Помолилась Григорьевна на иконы — и на те, что были прямо перед ней, и на те, что стояли по правой и по левой стороне иконостаса. Перечитала все молитвы, какие знала. Потом, — хотя никого из молящихся не было видно в гулком просторе храма, но потому, что так делали все в станице, так и ее приучали делать, — поклонилась направо, налево и назад — всему миру православному. И отошла в уголок.
Стала там на колени, усталая, обессиленная, придавленная страшными думами и тоской лютой. Вперила взор в икону — из золотой рамы, из ярких пурпурных одежд на нее глядел с немым состраданием взор матери, прижимающей младенца к груди.

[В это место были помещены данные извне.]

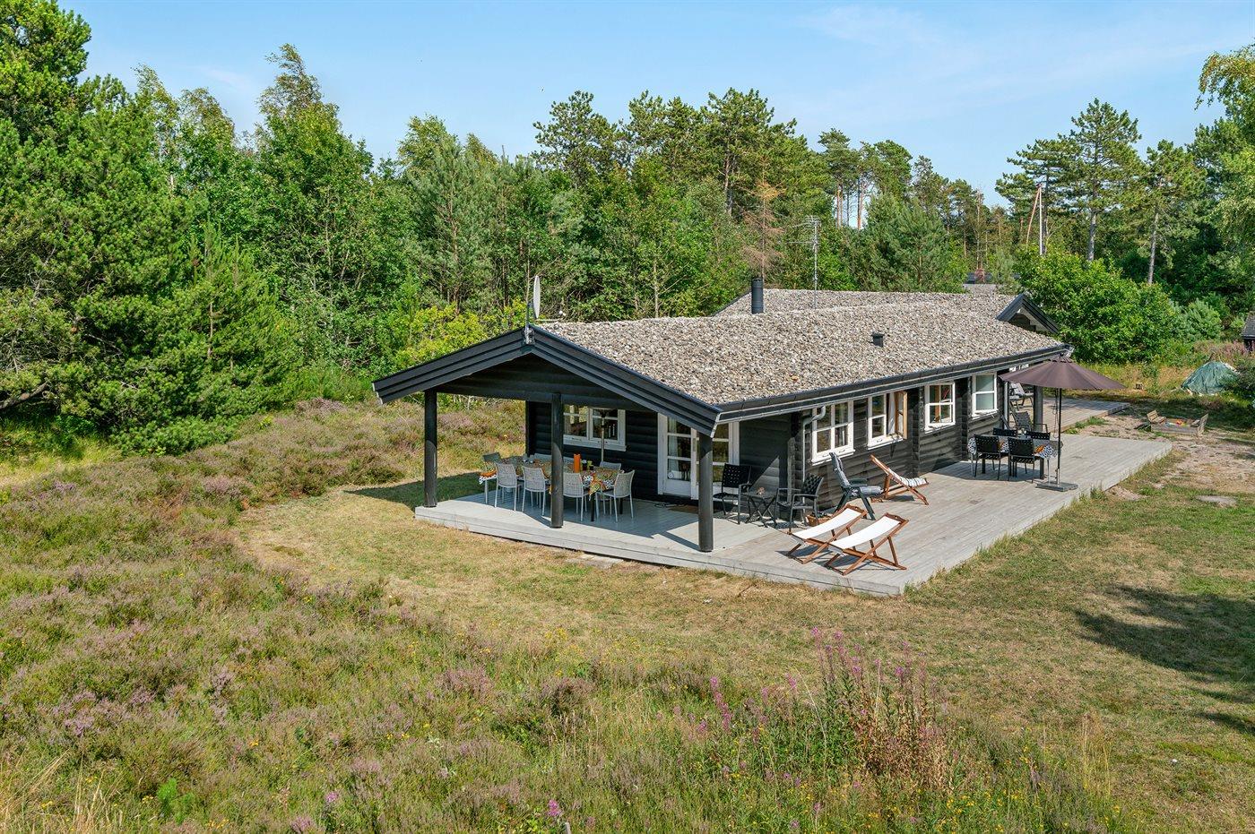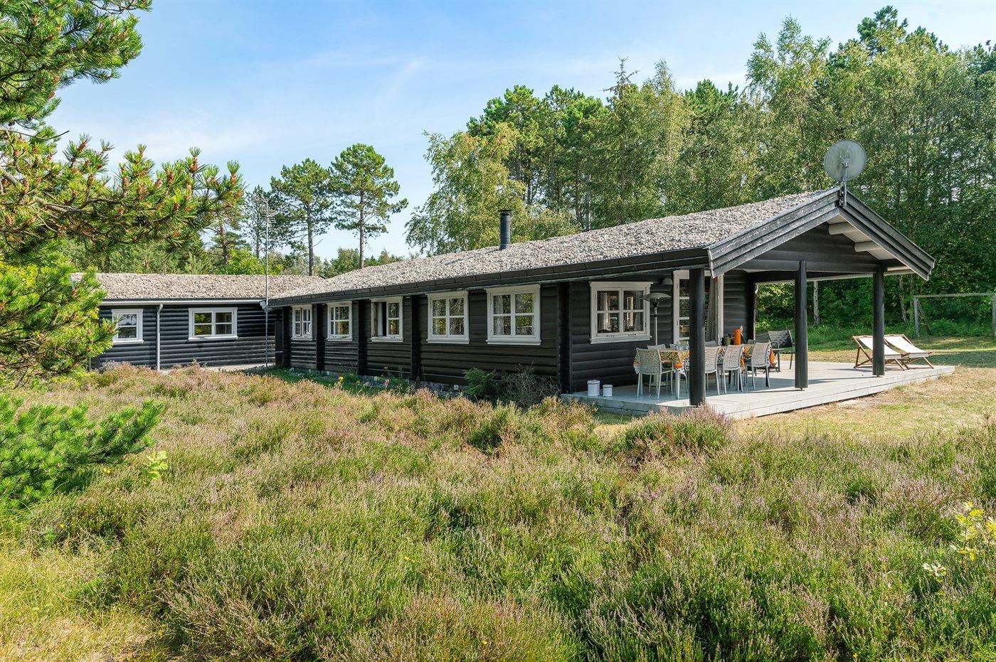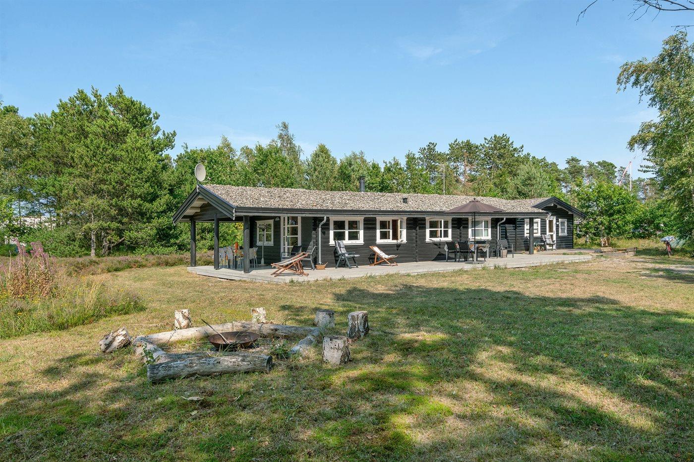 Wunderschönes, rustikales Blockhaus auf einem großen, einladenden Naturgrundstück mit Heidekraut und Kiefern. Das Grundstück bietet Meerblick. Das Haus liegt in einer sehr attraktiven Gegend, mit vielen Pfaden und schönen Spaziermöglichkeiten und in der Nähe des Strandes.
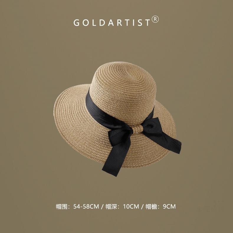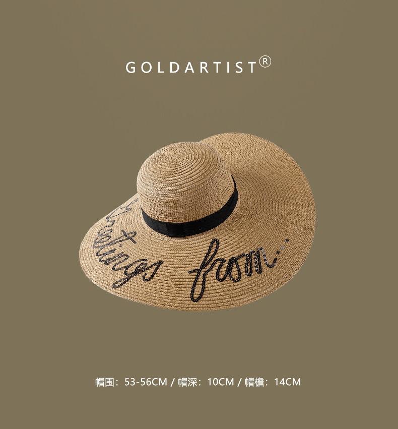 khaki large brim sequin black ribbon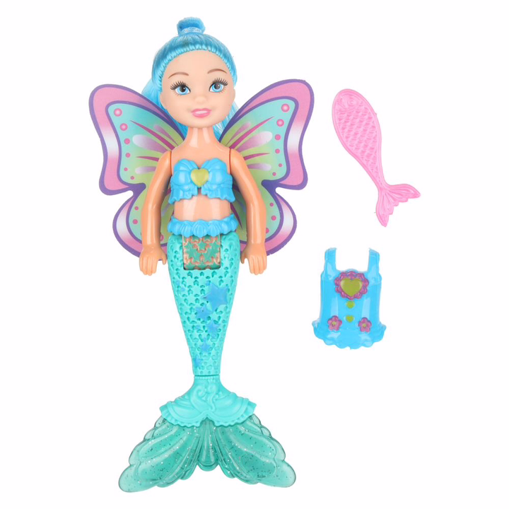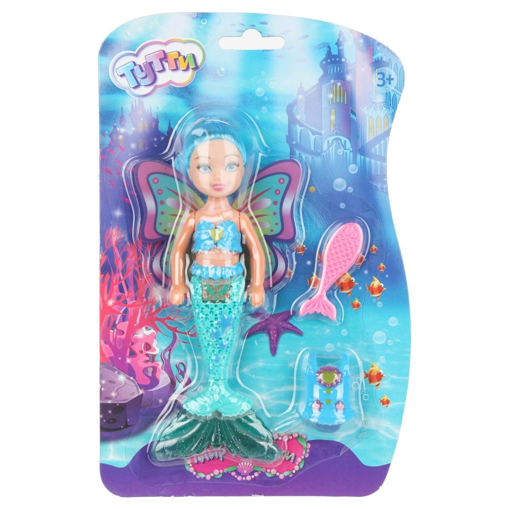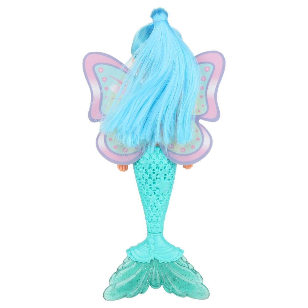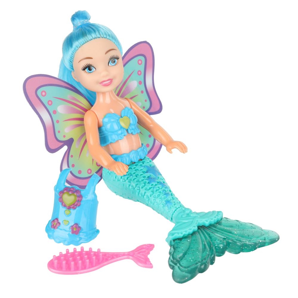 Милая куколка в образе русалки с яркими крыльями и красивым подвижным хвостом непременно понравится вашей малышке.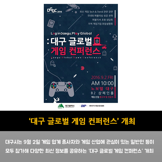 대구시는 9월 2일 게임 업계 종사자와 게임 산업에 관심이 있는 일반인 등이 모두 참가해 다양한 최신 정보를 공유하는 '대구 글로벌 게임 컨퍼런스' 개최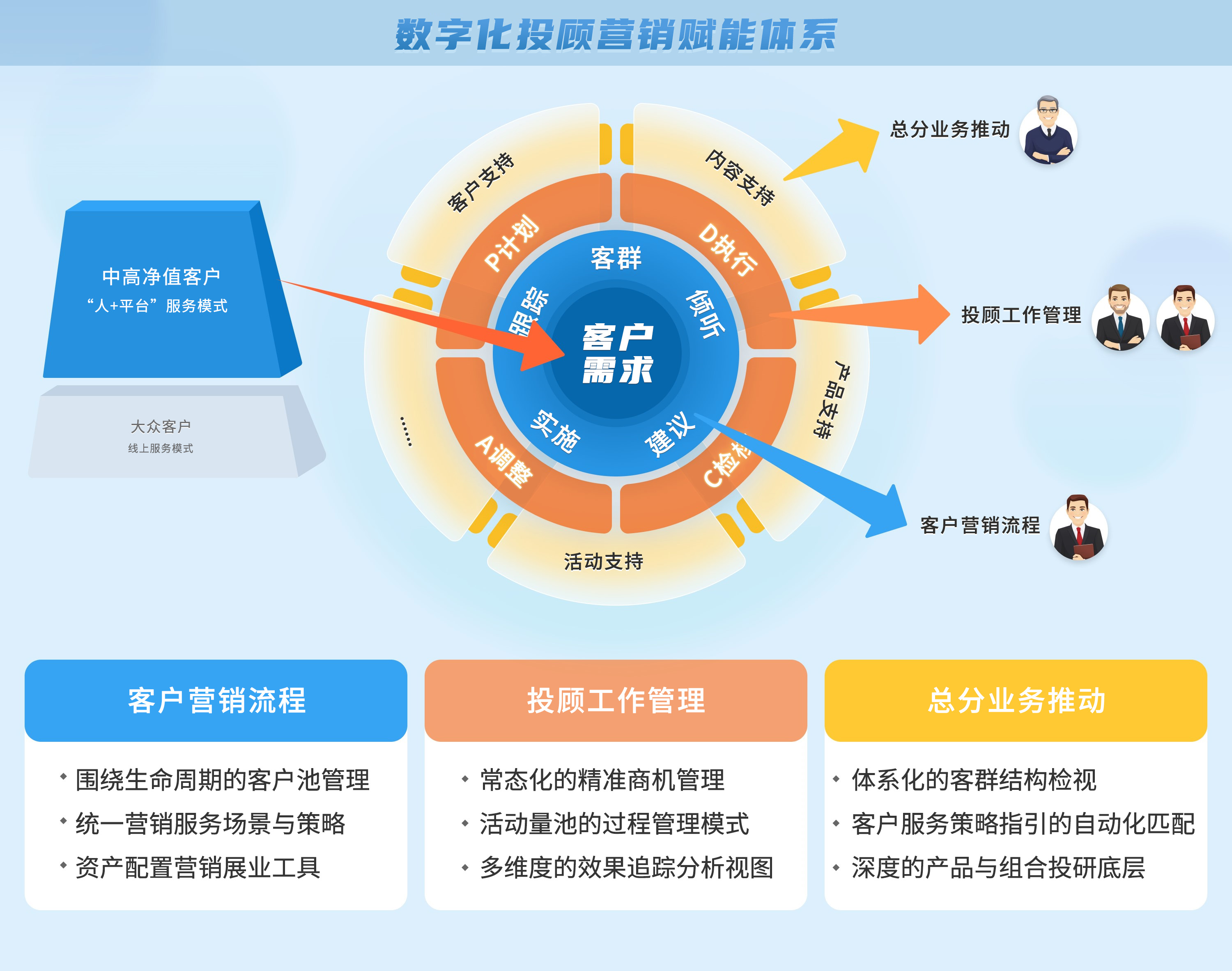 數(shù)字化投顧營銷賦能體系的實際落地,依托兩大核心能力,一是以資產(chǎn)配置服務(wù)為中心的買方投顧業(yè)務(wù)能力,二是關(guān)注客戶AUM結(jié)構(gòu)的客群經(jīng)營能力。旨在解決券商現(xiàn)有投顧展業(yè)平臺存在的問題,包括總分中臺與一線團(tuán)隊業(yè)績達(dá)成思路不一致、一線管盤客戶服務(wù)覆蓋不足、日常服務(wù)無法滿足客戶個性化需求、以及投顧工作過程管理不透明等現(xiàn)狀。
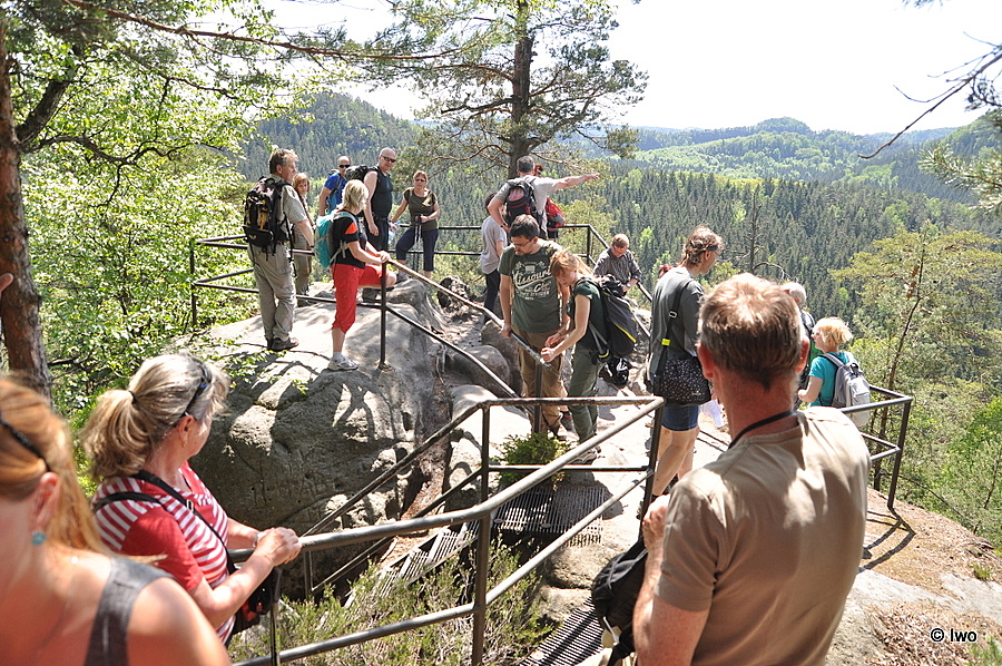 Jedna z vyhlídek je přímo na plošině pod skalní bránou, další dvě (unten, oben) jsou nad skalami, přístupné po schodech (místy takřka žebřících). Z té spodní je výhled vcelku omezený, horní nabízí podstatně lepší rozhled.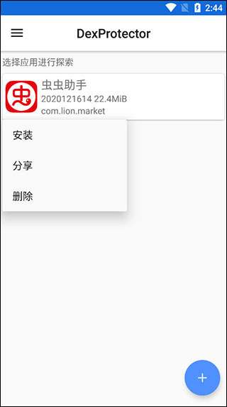 1、打开dexprotector,点击加号进行添加;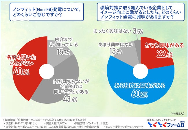 先程の質問で『(積極的に、ある程度は)取り組んでいきたい』と回答した方に、「ノンフィット(Non-Fit)発電について、どのくらいご存じですか?」と質問したところ、『内容までよく知っている(15.7%)』『内容は知らないが名前だけは聞いたことがある(43.4%)』『名前も聞いたことがない(40.9%)』という回答結果になりました。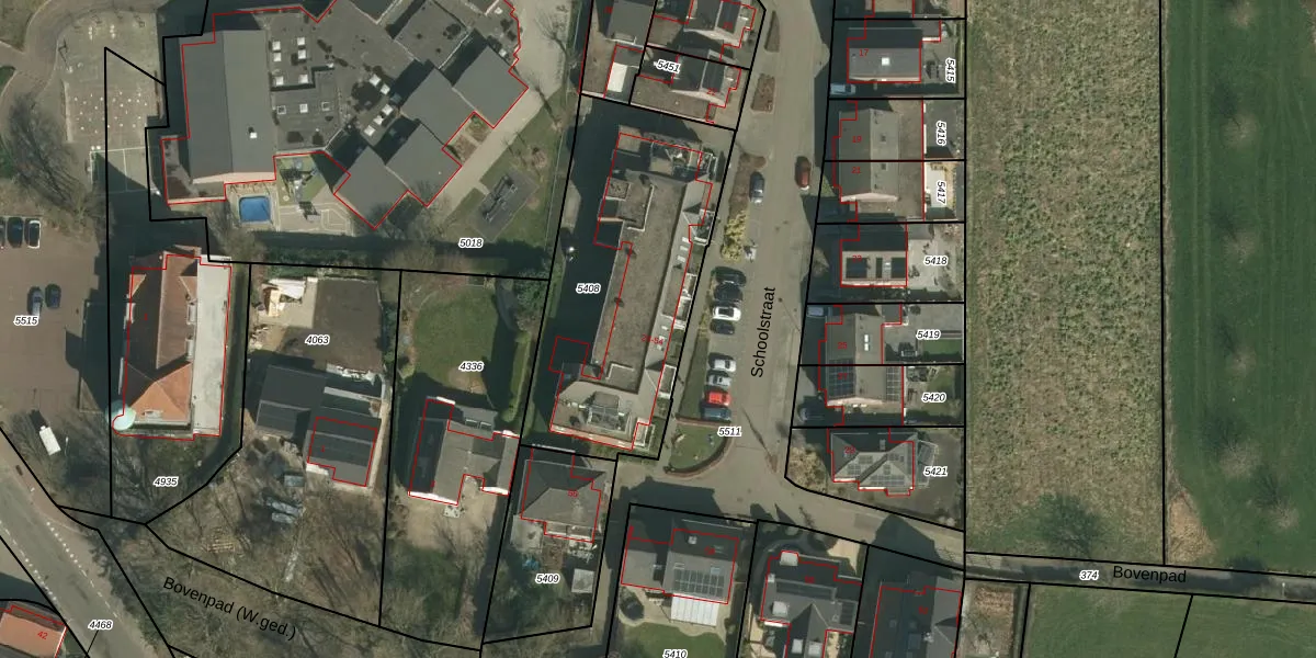 Schoolstraat 36 is gelegen op kadastraal perceel WTM00D5408. Deze kadastrale aanduiding is uniek en wordt gebruikt door het Kadaster om eigendomsrechten en andere zakelijke rechten vast te leggen. Het perceel maakt onderdeel uit van de kadastrale gemeente Wittem.

И долго без слов мать, истерзанная страхом и ожиданием жестокого удара, глядела на мать, пережившую тягчайшие страдания. И без слов, рыдающим криком надрезанного сердца, говорила ей:
— Ведь сердце твое тоже прошел нож лютой скорби… Заступись, Пресвятая Владычица! Ты — обидимых заступница, ты — изнемогающих оплот… О, заступись, заступись!.. И, приникнув горячим лбом к облупленным доскам, она беззвучно рыдала. Поднимая голову, встречала сострадающий взгляд, но был он недвижен и нем и… бессилен…
— Скорбных матерей утешительница — ты… рассей тучу, о Владычица! Отверзи милосердия двери, Царица небесная!
Крепко-крепко стиснула руки. Всем существом порывалась прижаться к стопам Владычицы, которая все может, — раскрыть истерзанную, высохшую грудь перед ней, язвами окровавленного сердца своего тронуть ее.
— Злых сердец умягчение — ты… Умягчи их сердца… вырви у них деточку мою, мать страдавшая… мать!.. Ты видишь мои муки, мою беду чуешь, скорби мои и обиду ты знаешь… матери обиду…
Жар и озноб проходили по ее телу, нечем было вздохнуть, не хватало воздуха. Бессильно опустила она голову; руки и колени дрожали.
— «Странни и пришельцы вси ее мы на земли сей…» — сердито басит дьячок. Спешит и спотыкается голос, равнодушный и недовольный. — «Все житие наше на земли болезненно и печали исполнено…»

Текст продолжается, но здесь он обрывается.